I continue to learn a lot about people. Sadly, a lot that I don’t admire despite being unreasonably in love with God’s people. But I deeply desire to see God. To see him in a new way. A very specific way.
A Heart-wrenching Story
There’s a story in the Bible that made its way into all three synoptic gospels. It’s in Matthew chapter 8 and Luke chapter 8, but I really love the wording in Mark 4. Jesus’s disciples are in a boat crossing a sea (at Jesus’s command mind you). A storm arises, and they, like most people would, start to lose their minds. Oddly enough, they find Jesus in the stern of the boat, and he’s sleeping.
When they woke him up, they asked him the very question I find myself asking him today, “Don’t you care that we’re going to die?” Jesus’s response isn’t anything you’d expect. He responds to them as if they’re the ones having an abnormal reaction to the storm. “Why are you afraid? Do you still have no faith?”

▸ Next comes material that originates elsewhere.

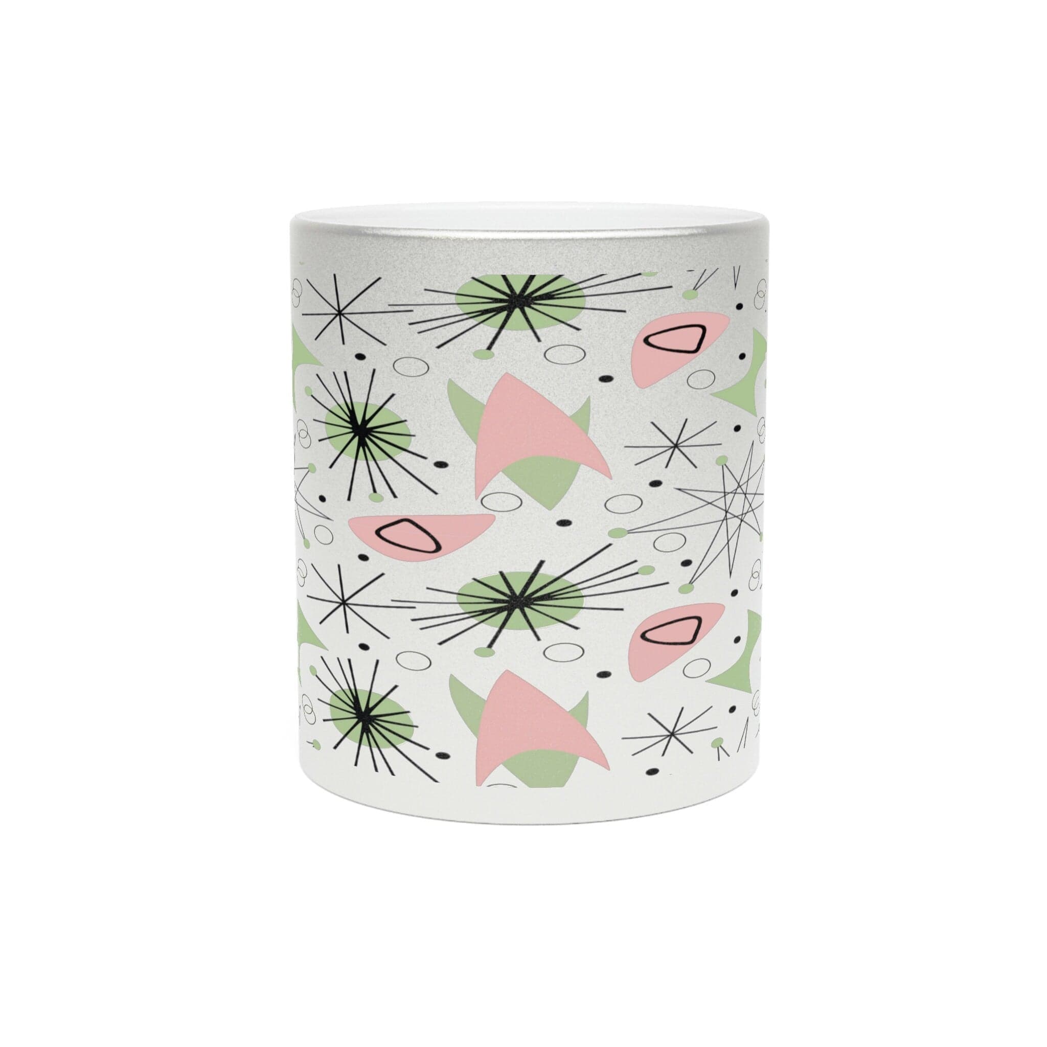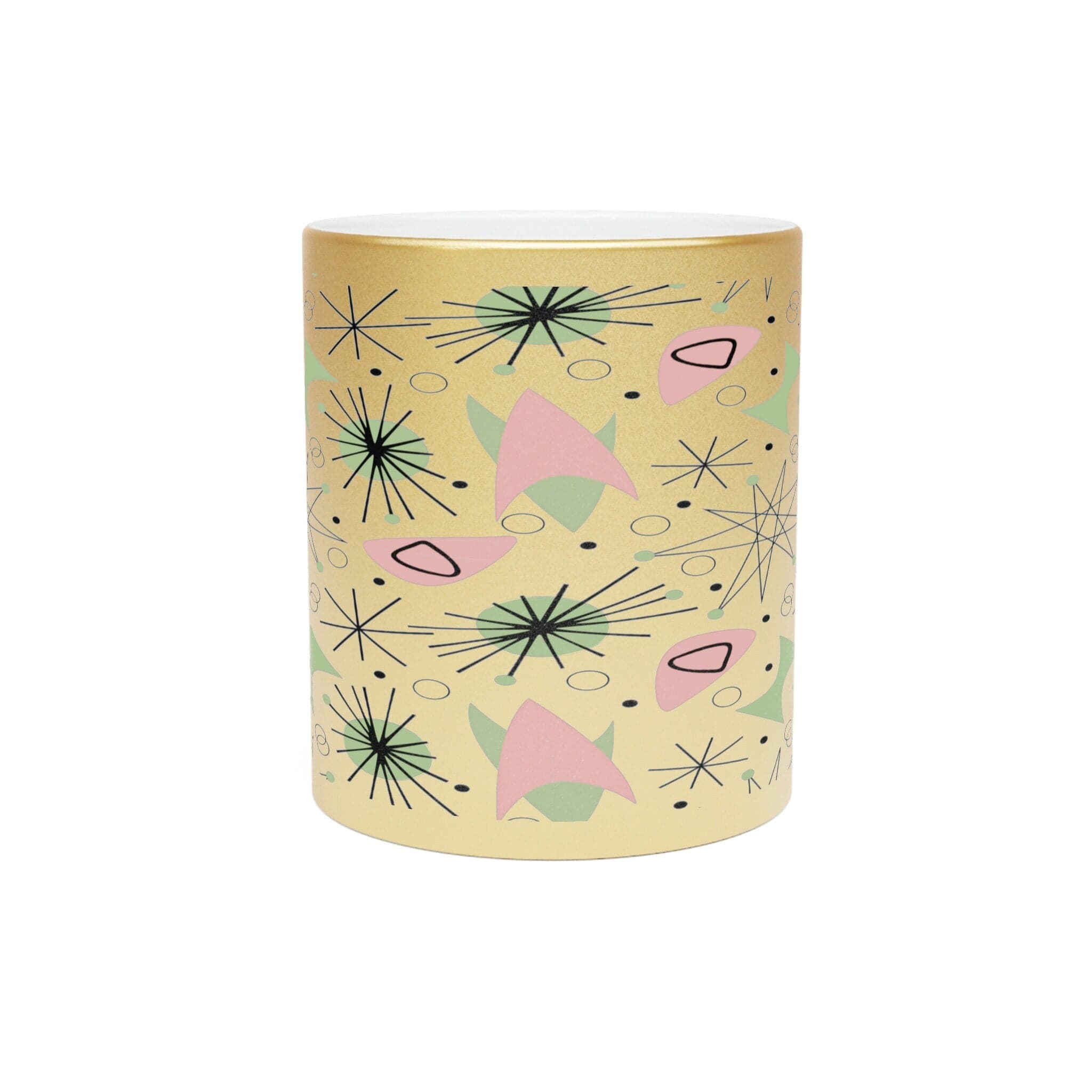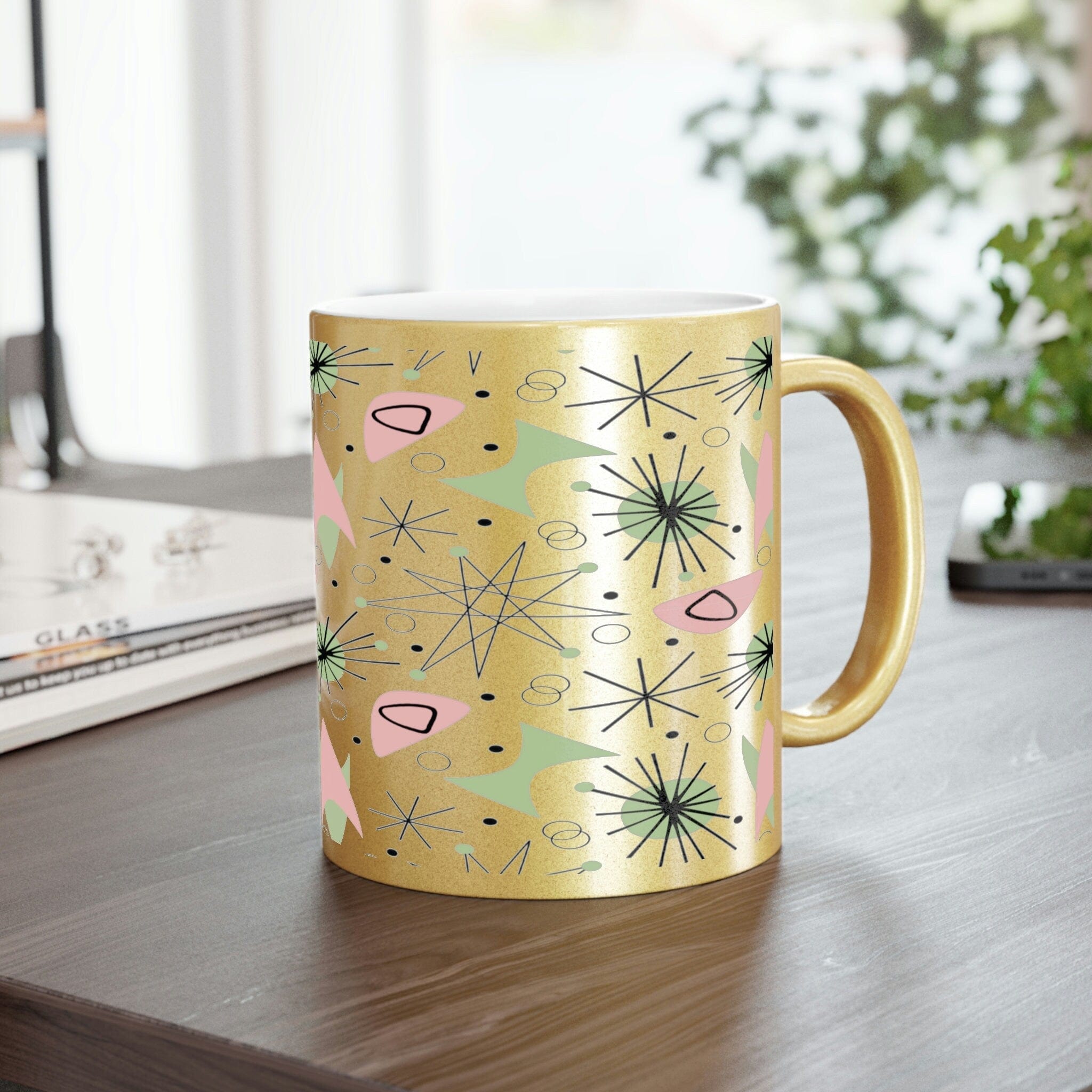 Mid Century Modern Retro Kitsch Starburst Metallic Mug, Pink, Lime Green Atomic Age Accent Coffee Mug, Gold or Silver Mid Mod Drinkware

This says to me that there was never a reason for the disciples to lose their minds because Jesus was in the storm with them, and his presence assumes safety. But I left out part of the story. Before scolding the disciples, Jesus, like a loving, kind-hearted, tender yet ferocious friend, screams at the storm, “Silence! Be still!” And the storm ceased.
A Tender God
If the disciples were safe the entire time, why did Jesus decide to calm the storm? I won’t pretend like I have THE answer. The Bible doesn’t tell us why he calmed the storm. But what this says to me is that although there was no need for the disciples to be afraid, Jesus cared about their emotional state enough to move in a way he didn’t need to. Just to bring peace to the ones he loved.
That’s how I find myself desiring to see God move. If I’m honest, there are things I’ve longed for my entire life. Things that I seem to get a front row seat to look at and watch other people enjoy what I can’t have. That’s exactly what happened to me today. It’s one thing for a prayer to not be answered with a yes; it’s a completely different thing to constantly be put in unique situations where you get to watch the very thing you desire get taken away and enjoyed by others.
Like I said, I’m exhausted. I haven’t been perfect, but I’ve been faithful. And yet, I know that God owes me nothing. I know what I truly deserve. But I also know of God’s special gift. The gift he desires to give to his children whom he loves. And I long not to know, but to feel that same grace that I see extended to others.
The Oasis
I’ve written enough long posts pleading for the same thing. Begging readers to be different, to be perceptive, to be an honest friend, to be present — ultimately, to be like Paul and actually become something for the sake of someone who might need you.
I never answered my initial question: I’m having a hard time in life right now not just because I miss my mom, but because she saw me when no one else did, she’d hurt with me, she cared how I was doing, she’d listen, and she’d want to talk to me or be around me just because.
I’ll end with a few questions: What if someone around you needs you to just be present with them? What if someone around you needs you to care enough to ask questions? What if someone around you just … needs you? Paul’s words in 1 Corinthians 9: “I become…” Who or what do you become for that person? Do you express affection? Do you love at all?